The model legislation attempts to create a new definition of "state citizenship" and narrow the categories of people who would be citizens at birth: only children born to at least one parent who is a U.S. citizen, national, or legal permanent resident would be considered citizens. The bill would also create a "state compact" requiring states to issue two different types of birth certificates: one for those considered "natural-born U.S. citizens" and another singling out those whom the state does not consider a citizen.
The following is a statement from Benjamin Johnson, Executive Director of the American Immigration Council:
"The proposal presented today is clearly unconstitutional and an embarrassing distraction from the need to reform our nation's immigration laws. It constitutes a vicious assault on the U.S. Constitution and flies in the face of generations of efforts to expand civil rights. Moreover, it is an attack on innocent children born in the U.S. who would be confined to a new second-class citizenship and vulnerable to abuse and discrimination. While claiming to uphold the Constitution, these legislators have taken a clear stance against American values and principles.

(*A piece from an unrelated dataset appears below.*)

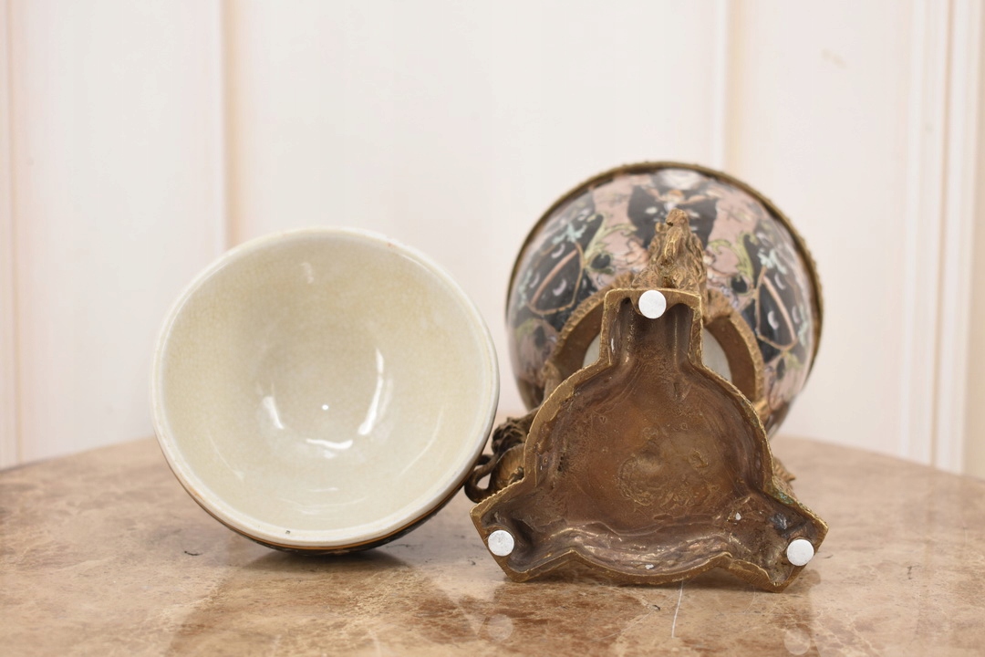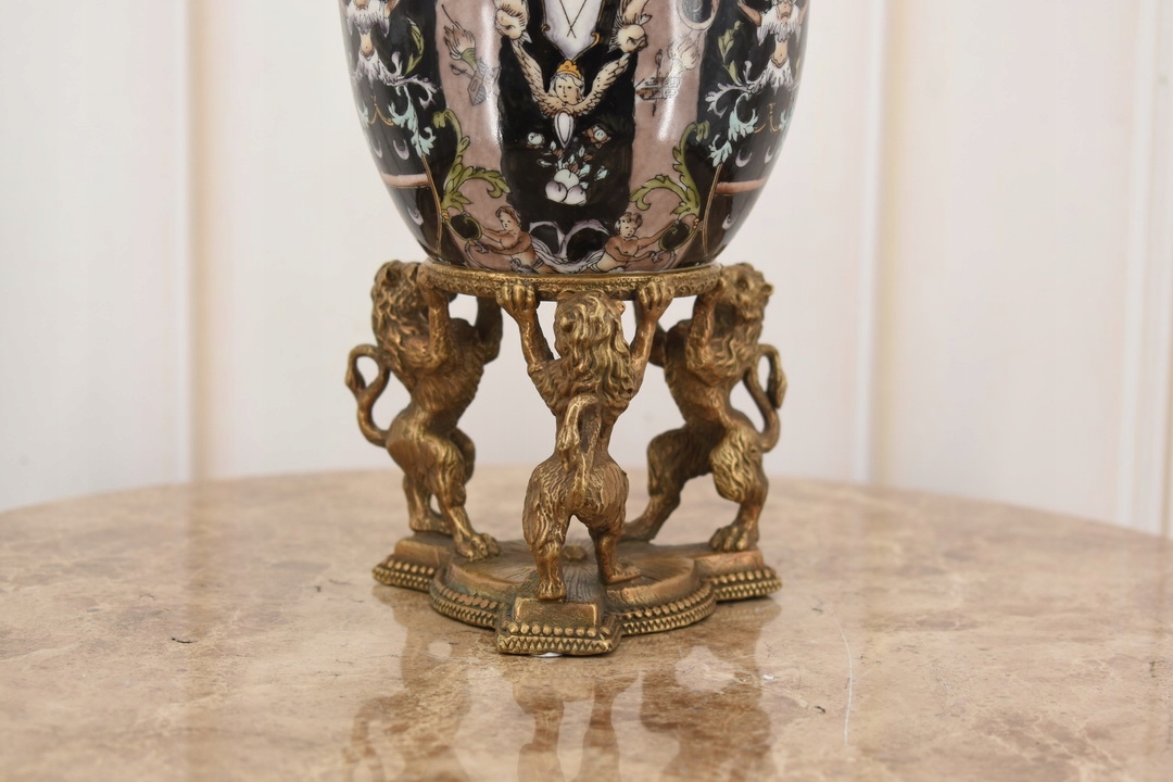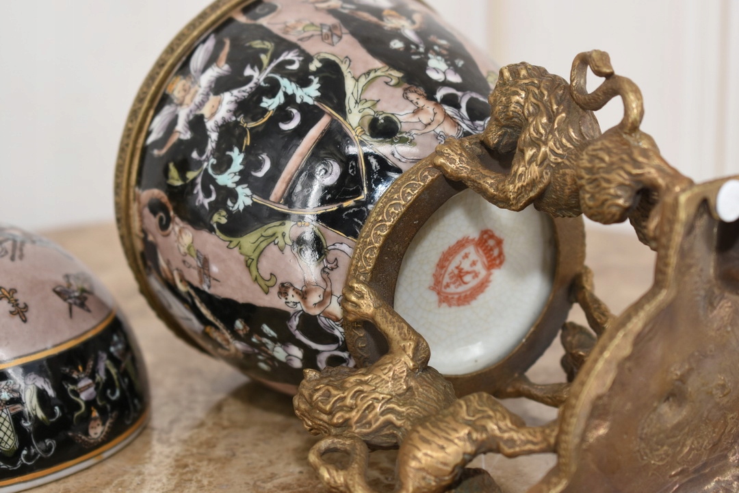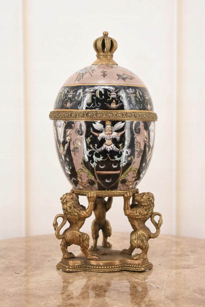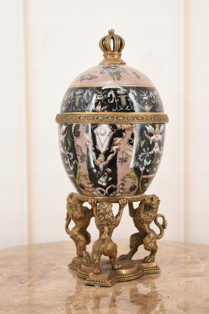 Черное фарфоровое яйцо, поддерживаемое львами - фарфор + коричневый - ящик для яиц

In the U.S. we have confirmed a tradition of liberty, equality and justice, where we are no more able to punish children for the actions of their parents than we are to pass titles of nobility down from one generation to the next.
"Denying citizenship to certain children born in the U.S. would not decrease unauthorized immigration; in fact it would increase the number of people in the U.S. without legal immigration status. Moreover, the impact of this misguided effort would be felt well beyond the undocumented population. Every American parent would have to prove the citizenship status of their children, requiring new documentation and a large government bureaucracy to sort through historical records, immigration documents, and international citizenship laws at taxpayer expense.
"We acknowledge that our immigration laws are badly broken, and we recognize that state and local legislators are frustrated by Congress's unwillingness to reform our immigration system. However, attacking constitutional citizenship is simply another distraction that moves us further away from addressing the real problems with our broken immigration system. Rather than challenging Congress to reinterpret the 14th amendment, we need to redouble the effort to reform our immigration laws."